## Assignment
Restate, word for word and with no pictures, the stretch of lines in the data below that begins at the line with "Hospital Dr. Juvêncio" and ends at the line with "METAL GEAR SOLID Δ: SNAKE EATER", inclusive.

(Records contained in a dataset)
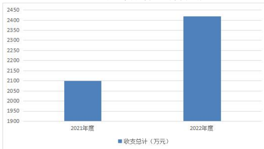
图 1：收、支决算总计变动情况

2022 年度收、支总计均为 2418.68 万元。与 2021 年度相比，收、支总计各增加 319.02 万元，增长 15% ，主要原因是：一是人员增加导致相关费用增加；二是因工作需要新购固定资产；三是城管执法力度加强、范围扩大，导致相关整治费用增加。
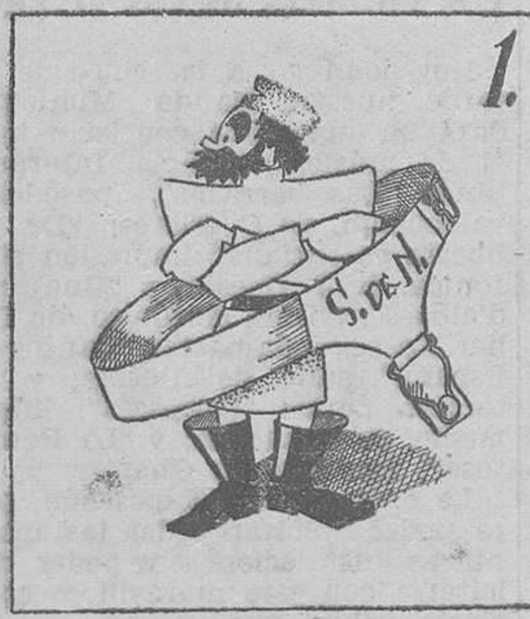
1. Digase lo que se diga, Rusia ya ha entrado en la Liga.
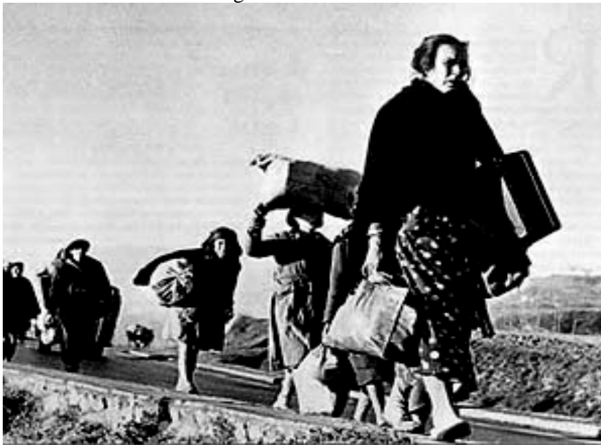
Fotografía de Robert Capa de un grupo de españoles camino del exilio a Francia.

FUENTE HISTÓRICA: Relacione esta fotografía con el exilio durante la dictadura franquista.
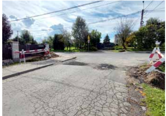
Skrzyżowanie ul. Sportowej i Dworkowej
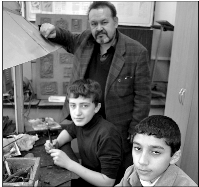
Ностальгія по Б.Окуджаве

В мастерскую войду, за собой дверь тихонько прикрою.
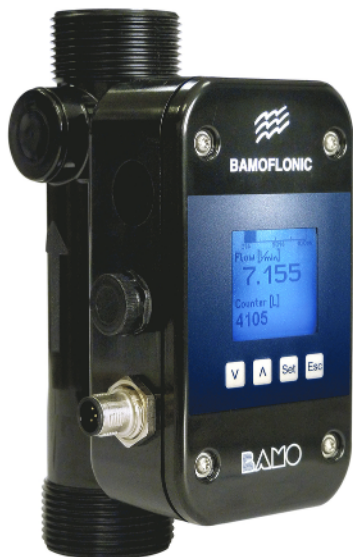
Modelo PPSU (DN10 a DN25)
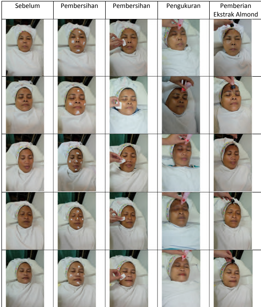
FOTO LANGKAH-LANGKAH EKSPERIMEN EKSTRAK ALMOND
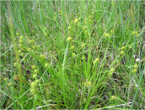
Kuva 61. Keltasara: ei uhanalainen, mutta havaintona huomionarvoinen
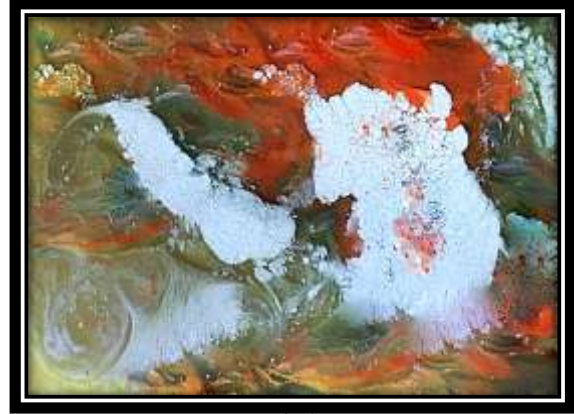
(شكل ١٠) الخامات المستخدمة في الترخيم: ألوان لاكية، أكاسيد معدنية، وورنيش شفاف
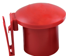
Embout équipé d'une pince à clip pour fixer le grillage
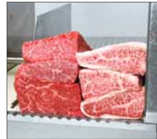
瘦肉和脂肪多的肉各自集中放置，切出來的肉片要麼只有瘦肉，要麼只有脂肪，商品化後的產品不均衡。
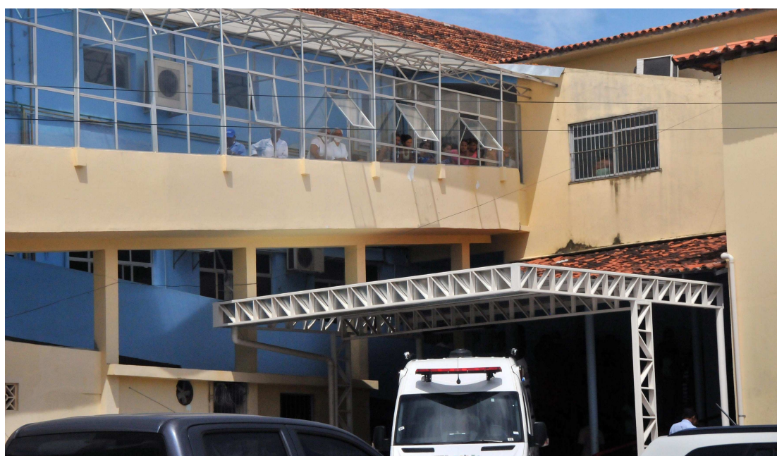
Hospital Dr. Juvêncio Mattos será uma das unidades de referência para tratamento de casos de microcefalia
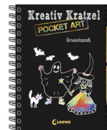
Kreativ-Kratzel Pocket Art: Gruselspaß
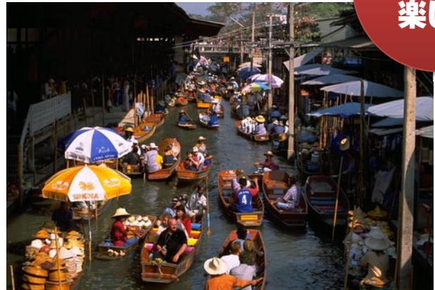
バンコク観光では定番の水上マーケット。鉄道市場もこの近くにあります。最もにぎわうのは朝7～9時頃です。
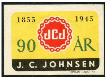
Merkat utgitt i anledning 90-års jubileet.
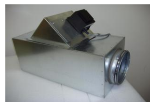
Monteringslåda med kanalpåslag
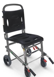
678 Extra Lite Basic Sedia portantina pieghevole
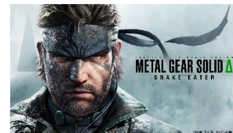
METAL GEAR SOLID Δ: SNAKE EATER

“PlayStation”は、株式会社ソニー・インタラクティブエンタテインメントの登録商標または商標です。 Nintendo Switch のロゴ・Nintendo Switch は任天堂の商標です。
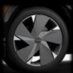
20" felgi ze stopu metali lekkich z nakładkami aerodynamicznymi (opcja dla "VGI VF") – 6 000 zł
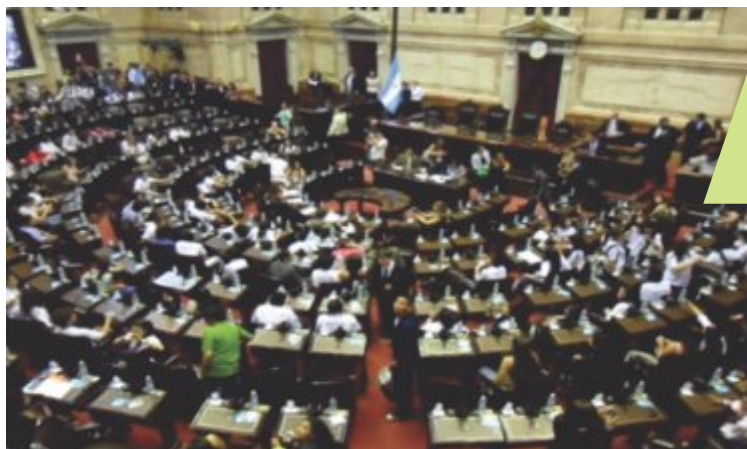
HONORABLE CÁMARA DE DIPUTADOS DE LA NACIÓN ARGENTINA. NOVIEMBRE 2012.

Otro objetivo es desarrollar la identidad mercosuriana de los jóvenes sobre la base de valores que estimulen la ciudadanía, el respeto por la democracia, el compromiso con los derechos humanos y la conciencia social, entre otros.
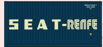
Foto inferior. Contenedores SEAT-RENFE ya en desuso
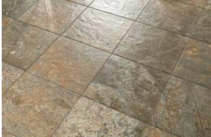
Figur 2: Fliser med store fargevariasjoner merkes med koder som forteller om omfanget av fargespill.

Av og til kan det ferdige resultatet være forskjellig fra slik flisen fremsto i butikken. Hvor store fargevariasjoner som her kan opptre er vanskelig å standardisere. Noen produsenter å operere med fargevariasjonskoder, hvor høyere tall betegner mer fargevariasjon. Slike koder representerer en fargevariasjonsskala og har ikke noe med kvalitetskala å gjøre.
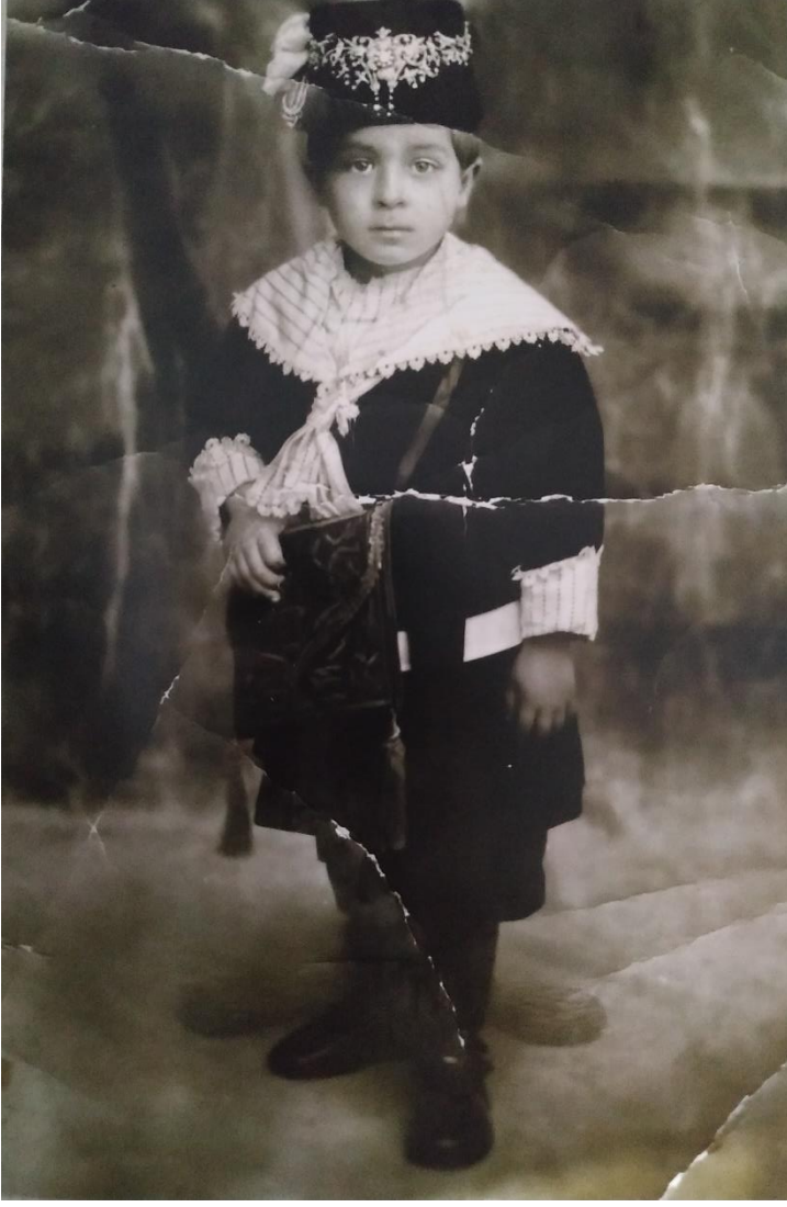
Ek 2. Merasim İin Hazırlanmıř ve Fesine Nazarlık Takılmıř Bir Erkek Talebe (Fatih Gldal'ın Elifba'dan Muallime Mahalle Mektebi İsimli Eserinden)

## Task answer
Hospital Dr. Juvêncio Mattos será uma das unidades de referência para tratamento de casos de microcefalia
Kreativ-Kratzel Pocket Art: Gruselspaß
バンコク観光では定番の水上マーケット。鉄道市場もこの近くにあります。最もにぎわうのは朝7～9時頃です。
Merkat utgitt i anledning 90-års jubileet.
Monteringslåda med kanalpåslag
678 Extra Lite Basic Sedia portantina pieghevole
METAL GEAR SOLID Δ: SNAKE EATER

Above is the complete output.